Fue, en efecto, tras cumplir yo una edad que le pareció suficiente, y otros requisitos que tenía previstos él, cuando me confesó, además de lo anterior, que había conocido a Willem sin libro alguno de por medio.

“El mismo bloemisten de los cuentos que te narraba cuando eras pequeño”, se ocupó de recordarme. “¡A pesar de que nació dos siglos antes!”, pensé a la sazón. Y él asintió, sin necesidad de que yo formulara en voz alta la pregunta, pues era capaz de leer mi mente, tal como hoy en día yo puedo leer la mente suya y extraer de allí hasta el más sutil detalle. Eso he estado haciendo, aparte de mencionar palabras que me dijo en otro tiempo y hechos de los que fui testigo, para componer esta biografía. A escribirla me he abocado casi desde que lo hallé en una de estas montañas que rodean la ciudad de Santiago de la Nueva Extremadura.

Yo tenía exactamente veinte años en el momento en que supe acerca de las circunstancias más extrañas relativas al holandés. Y tenía cada vez mayores motivos para creer cosas muy inverosímiles.
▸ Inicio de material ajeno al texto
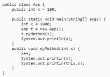 The code fragment then prints out the values of x, y, and z, which are 1001, 100, and 1000
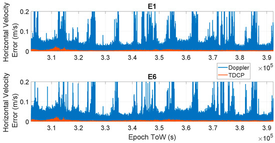 Horizontal Velocity errors as a function of time considering Doppler-based (blue line) and TDCP (red line) methods. Upper box: E1 frequency, lower box: E6 frequency.
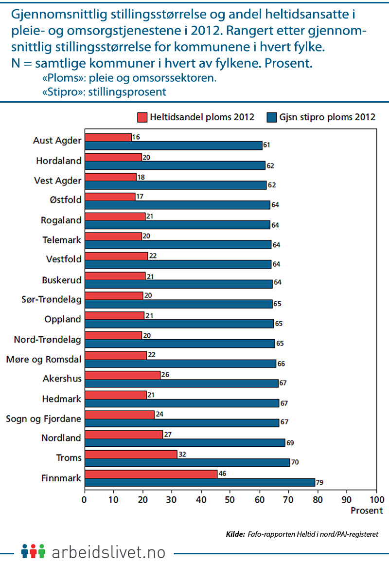 65 kommuner hadde i 2012 hadde en gjennomsnittlig stillingsprosent som oversteg 80 prosent. Av disse var femten finnmarkskommuner. Ser man kun på pleie- og omsorgssektoren, er det kun ni kommuner som kommer gjennom nåløyet, med mer enn 80 prosent heltidsstillinger (syv ligger i Finnmark).
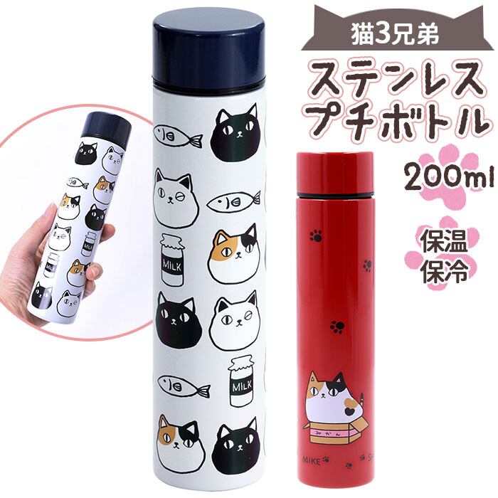 ・お澄まし顔のまんまるシルエットに癒される♪大人気「猫3兄弟」シリーズに、軽量200mlステンレスプチボトルが仲間入り!
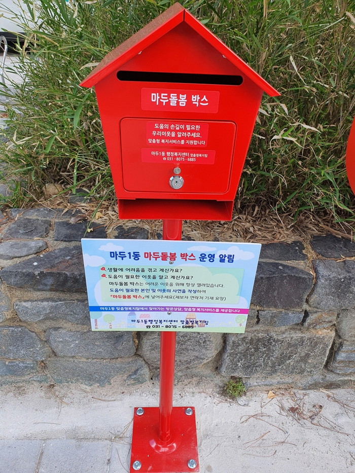 ‘마두돌봄 박스’는 10월부터 마두1동에서 추진하는 마을복지 사업의 일환으로 진행된다. 도움이 필요한 이웃에 대한 제보와 복지서비스 관련 건의사항을 주민들이 투서로 전달하면 맞춤형복지팀에서 주기적으로 수거하여 확인하고 도움의 손길이 필요로 하는 서비스를 맞춤형복지를 제공할 예정이다.
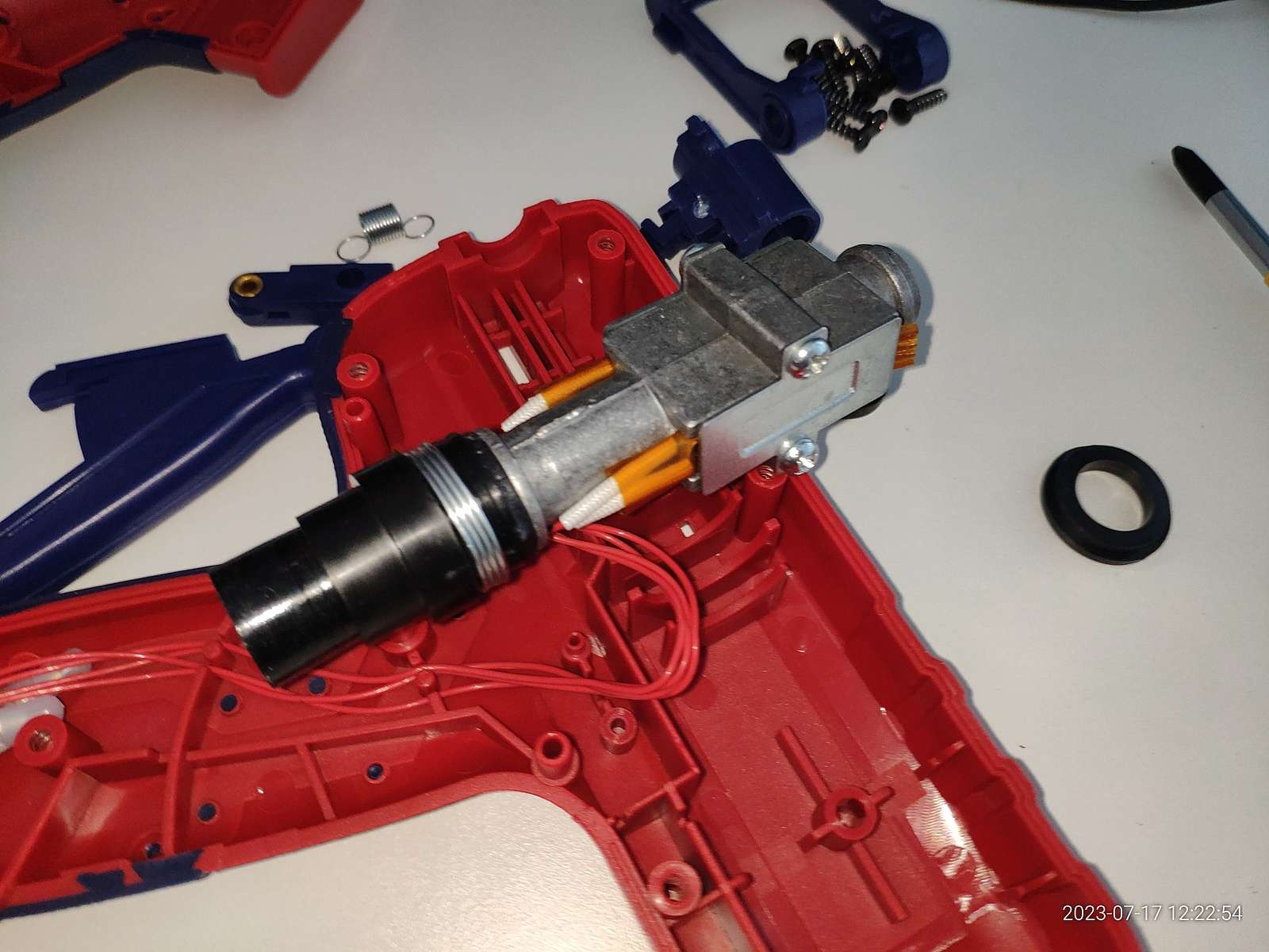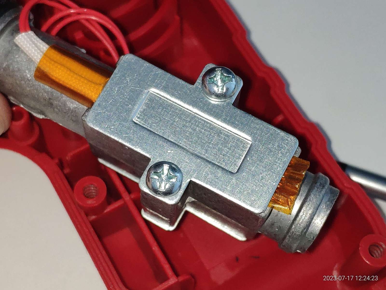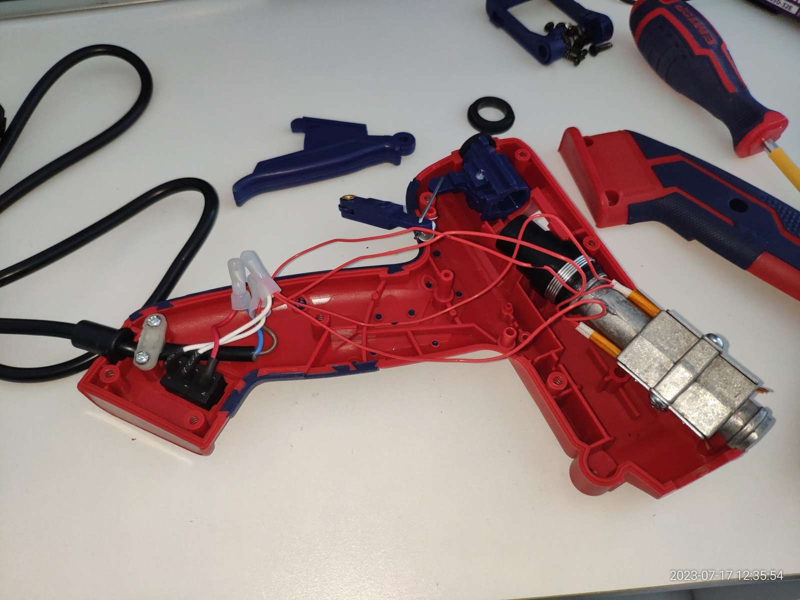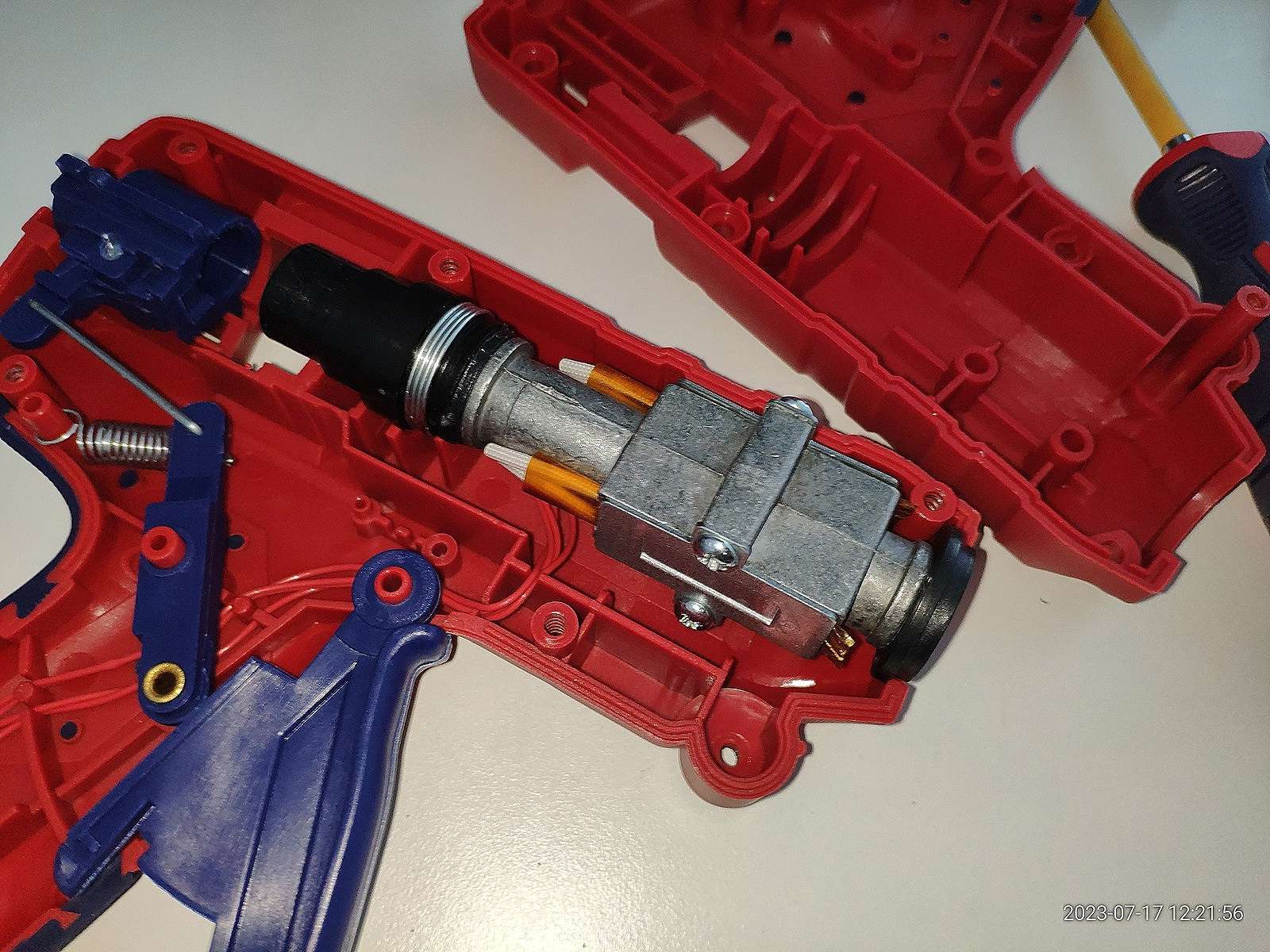 В общем ничего не взорвалось, пробоя на металлическое сопло нет, и это хорошо, можно заправлять термопластичный клей, и сразу же в дело вступают сальники:
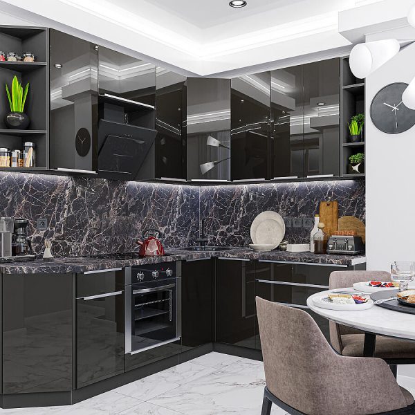 Характеристики кухни Размер (В*Ш*Г), мм2340*2200/1800*600 Цвет каркасовGraphite Материал каркасовЛДСП Цвет фасадовAnthracite Материал фасадовМДФ Отделка фасадовАкрилит Толщина кромки, мм1 Полезная информацияВнимание!
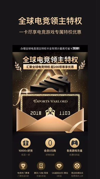 3、全球电竞领主特权目前超百项大牌优惠,尊享领主特权。
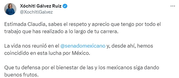 A través de su cuenta de Twitter, la senadora Xóchitl Gálvez externó su respeto y aprecio hacia Ruiz Massieu por el trabajo que ha realizado a lo largo de su carrera. “Que tu defensa por el bienestar de las y los mexicanos siga dando buenos frutos”, añadió.
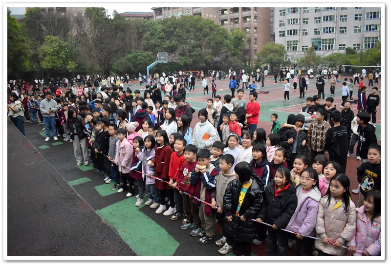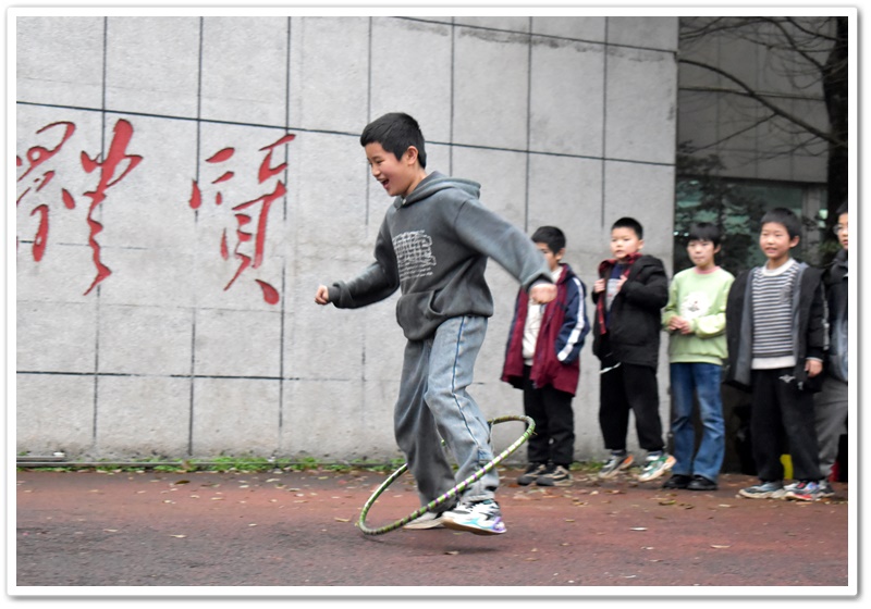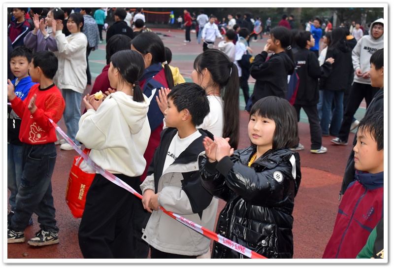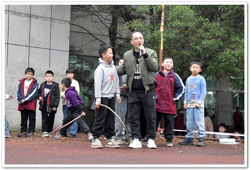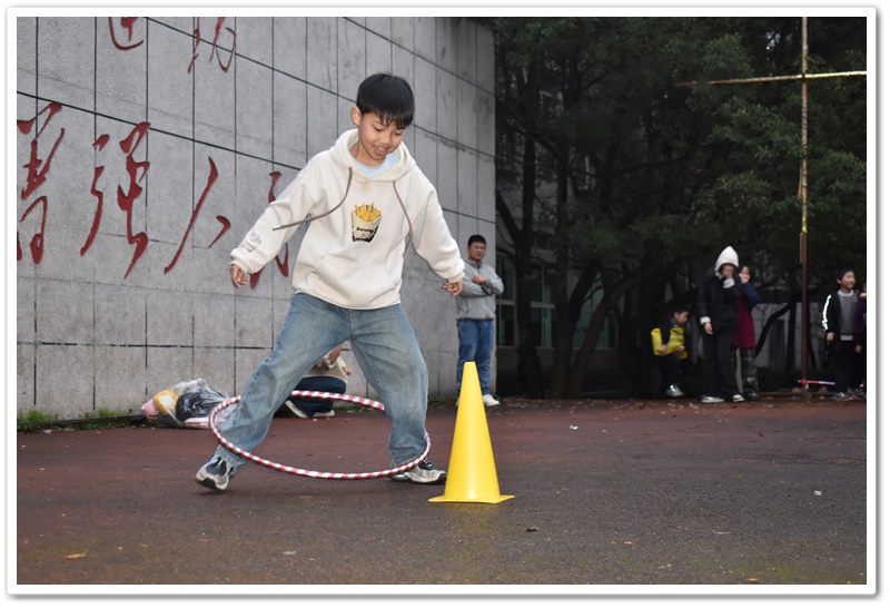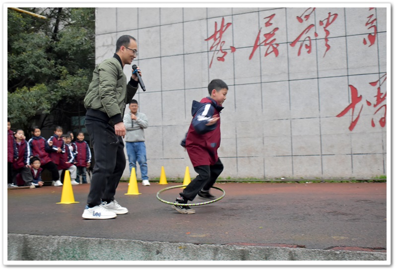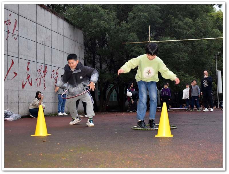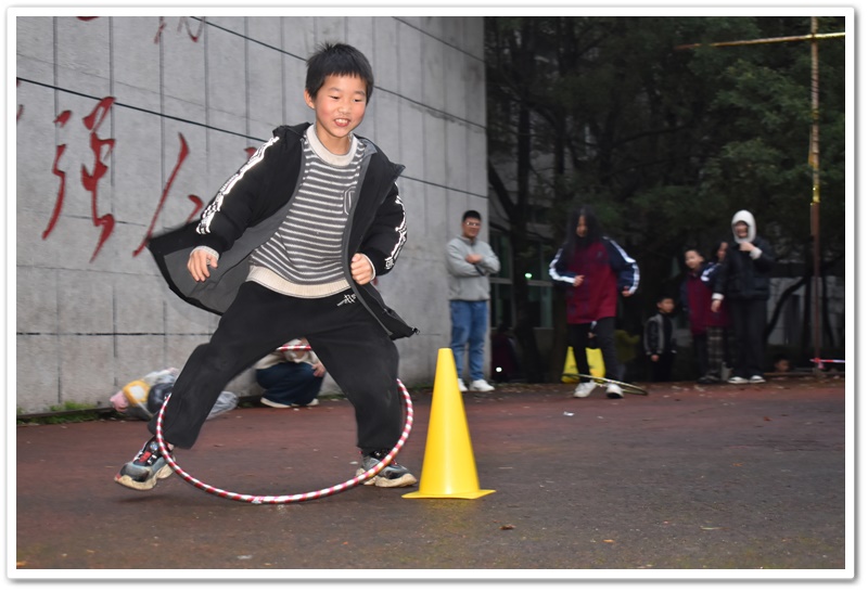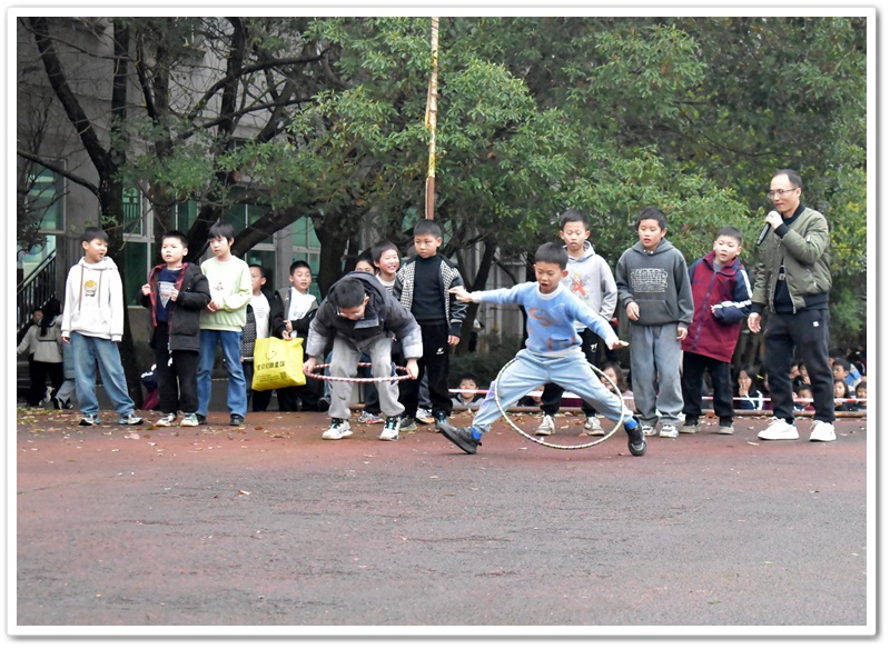 随着主持人谢老师的一声“开始”,比赛拉开序幕。只见同学们手忙脚乱地传递着“风火轮”(呼啦圈),有的同学灵活得像只小猴子,轻松地将“风火轮”(呼啦圈)传递到下一位队友脚中;有的同学则显得有些笨拙,“风火轮”(呼啦圈)半道掉在地上不配合,急得直跺脚。场下的啦啦队也没闲着,他们大声呼喊着,大声为台上的小选手们加油助威。最后一个轮回,谢老师还把我们三年级的四位老师一同邀请上台与同学们比拼,师生同台,玩得不亦乐乎。整个操场充满了欢声笑语,仿佛一片欢乐的海洋。
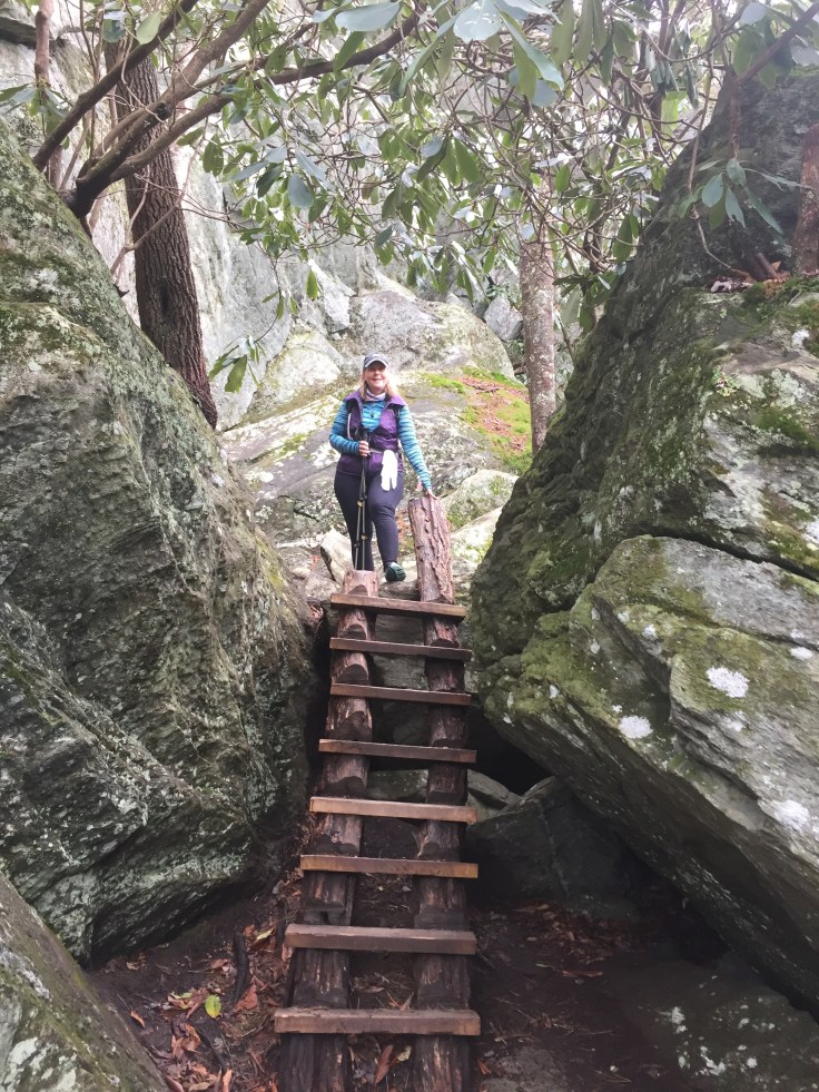 After this the trail went up some steps, went high above the river then through a large rock area.
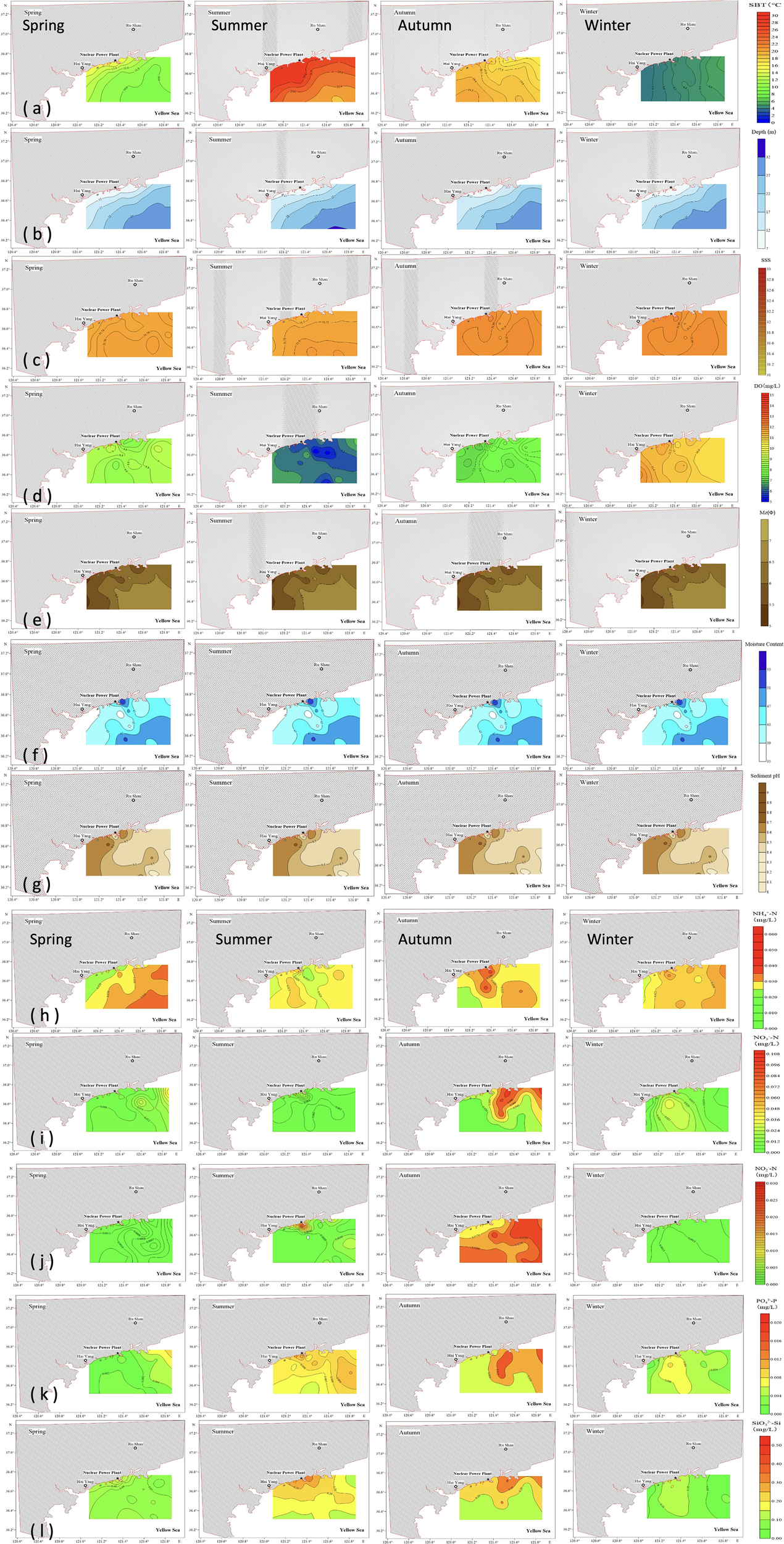The SBT and DO content exhibited significant spatiotemporal variability. SBT varied significantly between seasons and stations. The annual average SBT was 14.88 ± 8.17°C, with peak temperatures occurring in summer (up to 28.99°C) and minimum temperatures in winter, ranging from 3.64 °C to 5.11°C (Table 1). Elevated temperatures were noted in proximity to the coast, particularly adjacent to the HYNPP. In summer, SBTs were elevated in offshore regions, whereas in winter, the lowest temperatures exhibited a more uniform distribution. The yearly average DO concentration was 8.38 ± 1.83 mg/L, peaking in winter at 12.11 mg/L and declining in summer to a range of 5.06 mg/L to 7.15 mg/L (Table 1). Salinity displayed minimal seasonal fluctuation, sustaining a consistent annual average of 31.91 ± 0.18‰. Salinity levels exhibited a spatial gradient, progressively rising from southwest to northeast, with peak concentrations noted at the shorelines and around the HYNPP, especially during autumn and winter (Table 1; Figure 2). The sediment parameters displayed considerable stability over the year, with an annual average of Mz (6.26 ± 0.42 mm), Mc (43.73 ± 4.93%) and sediment pH (8.52 ± 0.11) and no significant spatiotemporal variation (Table 1; Figure 2). The distribution of the sea depth was rather consistent throughout the research area, varying from 7 to 32 m, with negligible seasonal or locational fluctuation.

Por consiguiente, no le resultó difícil convencerme de que se encontraron los dos, en Chile, a fines del año 1840.

Siempre me he acordado de lo que contaba mi padre sobre esa época dorada de los Países Bajos. Y le debo en gran medida a sus relatos, que amoblaron varias habitaciones de mi imaginario infantil, el haber fijado residencia en la nublosa Holanda hace unos cinco decenios; hasta hoy, a principios del siglo XXI.

Los primeros bulbos se reconoce que fueron llevados en las postrimerías del siglo XVI a esa hermosa nación que tanto terreno ha ganado al mar, por el doctor y horticultor flamenco Charles de l’Écluse, al que contrató la Universidad de Leiden como profesor de botánica.

Se dice que fue también él quien primero notó y mostró a sus contemporáneos cómo el aspecto de estas flores podía ser diferente cada nueva primavera; y que sus anfitriones holandeses, antes incluso de recobrarse del asombro que les ocasionó tamaño prodigio, ya habían puesto precio a tan excéntricas herbáceas.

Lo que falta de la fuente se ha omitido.